WASHINGTON, DC- The National Transportation Safety Board posted a report Thursday on the Feb. 12 plane crash, in a Porter neighborhood, that killed a prominent Austin couple. According to the report, Dan and Rheta Williams left Austin Bergstrom International Airport (AUS) around 5 p.m., with commercial rated pilot Dan Williams having filed a visual flight rules flight plan. They were destined for Williams Airport off of FM 1314, where the winds were calm, and the skies were clear with 10 mile visibility, according the NTSB.

The report quotes a written statement by the airport manager as saying Dan Williams contacted her earlier on the day of the crash asking about trees located at the airport and she told him “a considerable amount of trees had been cleared on the south end of the runway and some trees had been cleared to the north.” She stated she recommended using runway 35 “if the winds permitted.” For whatever reason, Williams was approaching runway 17, which is 3,594 feet long, in his twin engine Beech 95-55A when something went wrong. The airport manager was watching, according to the report, and said the plane appeared to be higher than expected and “seemed to float for an unusually long period.”

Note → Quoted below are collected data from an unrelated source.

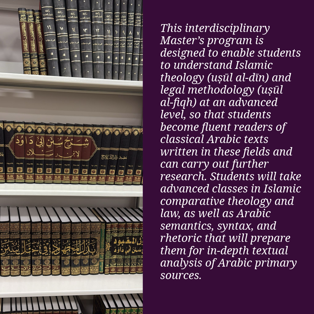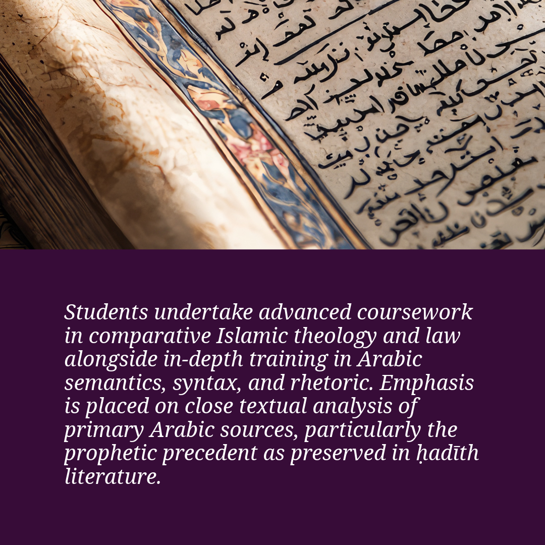 Advance your scholarship and service. This interdisciplinary Master’s program equips students with advanced training in uṣūl al-dīn and uṣūl al-fiqh, deep fluency in classical Arabic, and rigorous research methodology, preparing graduates to engage primary sources, address contemporary challenges, and lead with clarity and confidence. Join a curriculum that bridges foundations (uṣūl) and application (furūʿ), equipping scholars, educators, and community leaders with the Islamic Knowledge to serve today’s diverse Muslim community.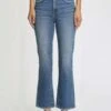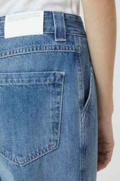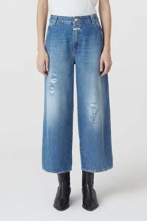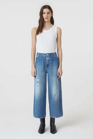 losed’s new Melfort jeans have a dramatic wide-leg silhouette that falls to cropped hems. Crafted from light-blue eco denim by Candiani that’s subtly whiskered and faded for a lived-in look, they sit high on the waist. Non-stretch, the denim made of pure organic cotton. Part of Closed’s sustainable denim line A BETTER BLUE.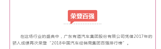 廣東有道汽車集團(tuán)股份有限公司榮登2018中國(guó)汽車經(jīng)銷商集團(tuán)百?gòu)?qiáng)排行榜

“By midpoint on the runway, it seemed unlikely that he would be able to complete the landing successfully,” the airport manager wrote.

Her account says she heard a power increase on the engines and the plane began to climb, “and bank to the right before it nosed over and descended into the trees.”
The airport manager said she didn’t hear or see anything to indicate there was a problem with the engines.

However, another unidentified witness told NTSB investigators she saw “smoke under the right side of the airplane before it disappeared from her view.”

The document also gives the account of a retired State Trooper who was talking with the airport manager at the time of the crash, and his account was similar to hers, with an added notation that he noticed the runway was “free of obstruction” as the plane descended. Then, the engine power increased and the plane began climbing.

“It was lifting above the tree line on the south end of the runway, when it made a sharp roll to the right and appeared to nose dive behind the tree line,” He stated. “We all heard the crash.”

The report states investigators on-scene on Feb. 13 and 14 found all major components of the plane at the crash site, with extensive impact damage and the outboard section of the right wing and the left engine separated from the airframe. The plane came to rest approximately 80 feet from the initial point of impact, which was with a group of trees about 60’ tall.

The document describes Dan Williams as an experienced pilot who had a “commercial pilot certificate for airplane single and multi-engine land, and instrument airplane,” and had logged 2300 flight hours as of July 21, 2008.

The report offers no preliminary explanation for the crash.